[Opening EXTRACTED ENTRIES section]
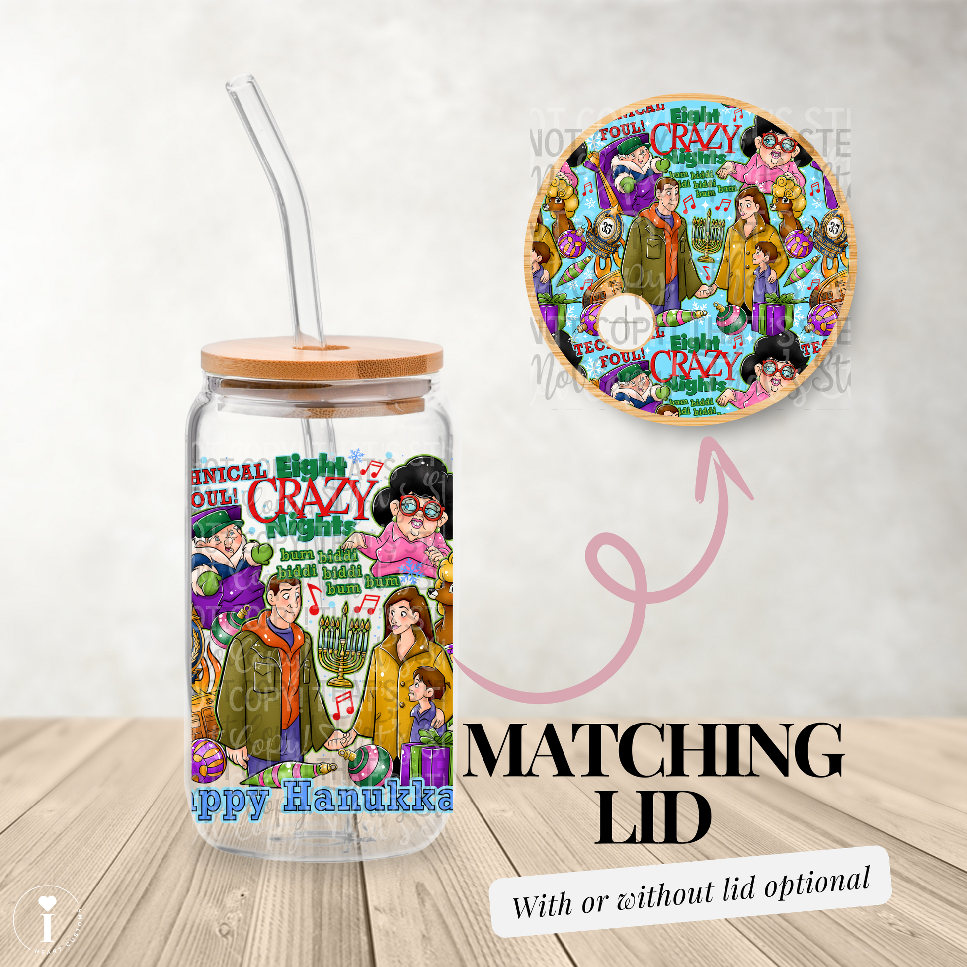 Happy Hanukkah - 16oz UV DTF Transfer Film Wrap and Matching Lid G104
[Closing EXTRACTED ENTRIES section]
[Opening EXTRACTED ENTRIES section]
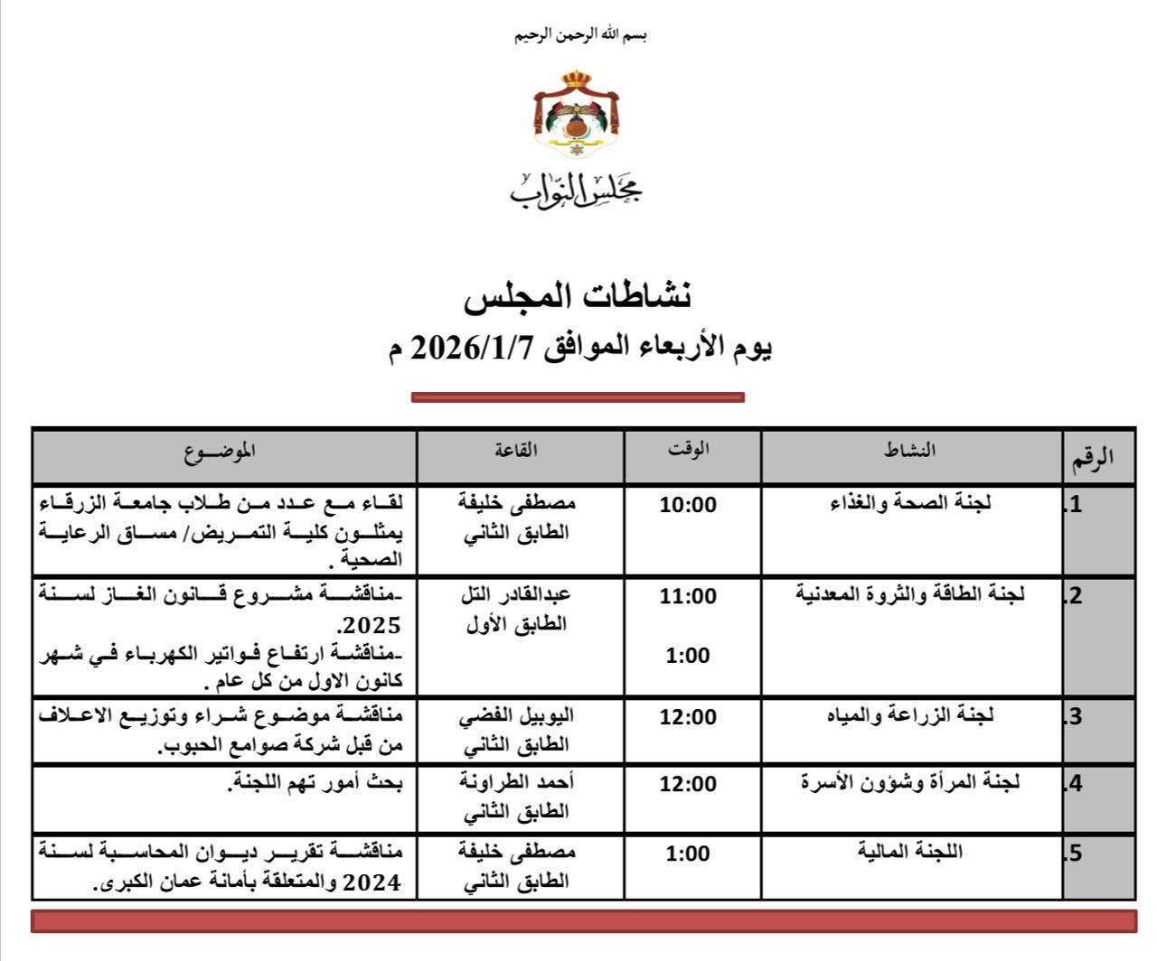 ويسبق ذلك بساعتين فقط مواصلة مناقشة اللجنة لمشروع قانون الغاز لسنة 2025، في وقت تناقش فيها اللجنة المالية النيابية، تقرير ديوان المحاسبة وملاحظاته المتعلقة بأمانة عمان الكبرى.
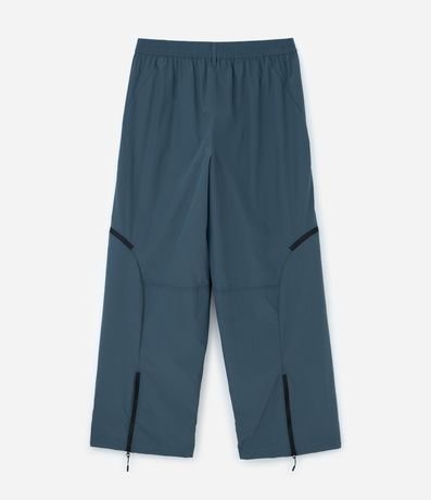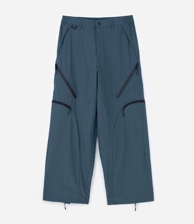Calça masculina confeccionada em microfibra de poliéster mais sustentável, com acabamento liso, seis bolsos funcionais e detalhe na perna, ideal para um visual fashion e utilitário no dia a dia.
[Closing EXTRACTED ENTRIES section]
[Opening EXTRACTED ENTRIES section]
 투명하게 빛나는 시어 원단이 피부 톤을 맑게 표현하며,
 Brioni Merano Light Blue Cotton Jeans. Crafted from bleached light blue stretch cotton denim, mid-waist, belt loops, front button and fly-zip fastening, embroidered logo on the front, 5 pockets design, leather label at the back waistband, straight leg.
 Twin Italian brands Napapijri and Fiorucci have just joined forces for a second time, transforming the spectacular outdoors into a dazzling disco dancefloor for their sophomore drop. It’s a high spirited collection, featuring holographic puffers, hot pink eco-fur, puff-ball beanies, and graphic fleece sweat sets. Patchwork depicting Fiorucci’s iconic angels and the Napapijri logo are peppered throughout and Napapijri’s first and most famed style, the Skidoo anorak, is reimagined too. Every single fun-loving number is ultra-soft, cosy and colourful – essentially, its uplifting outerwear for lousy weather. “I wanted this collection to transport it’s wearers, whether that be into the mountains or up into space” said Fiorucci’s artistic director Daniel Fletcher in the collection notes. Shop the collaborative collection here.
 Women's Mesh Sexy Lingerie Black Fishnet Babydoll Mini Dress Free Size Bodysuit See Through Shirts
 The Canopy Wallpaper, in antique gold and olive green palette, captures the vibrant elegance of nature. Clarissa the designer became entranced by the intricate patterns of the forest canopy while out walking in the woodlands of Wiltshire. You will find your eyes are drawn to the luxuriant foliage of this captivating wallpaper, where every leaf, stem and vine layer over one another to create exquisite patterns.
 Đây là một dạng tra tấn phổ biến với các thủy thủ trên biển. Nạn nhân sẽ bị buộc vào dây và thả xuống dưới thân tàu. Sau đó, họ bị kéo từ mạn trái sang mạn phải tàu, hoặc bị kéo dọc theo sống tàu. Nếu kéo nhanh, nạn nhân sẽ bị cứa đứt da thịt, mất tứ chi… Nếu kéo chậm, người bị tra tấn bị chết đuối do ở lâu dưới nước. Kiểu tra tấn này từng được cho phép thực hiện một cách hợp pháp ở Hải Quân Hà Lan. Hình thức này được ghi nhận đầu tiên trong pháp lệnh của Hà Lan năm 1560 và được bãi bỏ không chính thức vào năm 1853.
[Closing EXTRACTED ENTRIES section]
* _TASK DIRECTIONS_
Print everything from the line with "ويسبق ذلك بساعتين" down to the line with "Calça masculina confeccionada" in the entries above, both lines included and nothing more, without the pictures.

* _COMPLETED TASK_
 ويسبق ذلك بساعتين فقط مواصلة مناقشة اللجنة لمشروع قانون الغاز لسنة 2025، في وقت تناقش فيها اللجنة المالية النيابية، تقرير ديوان المحاسبة وملاحظاته المتعلقة بأمانة عمان الكبرى.
Calça masculina confeccionada em microfibra de poliéster mais sustentável, com acabamento liso, seis bolsos funcionais e detalhe na perna, ideal para um visual fashion e utilitário no dia a dia.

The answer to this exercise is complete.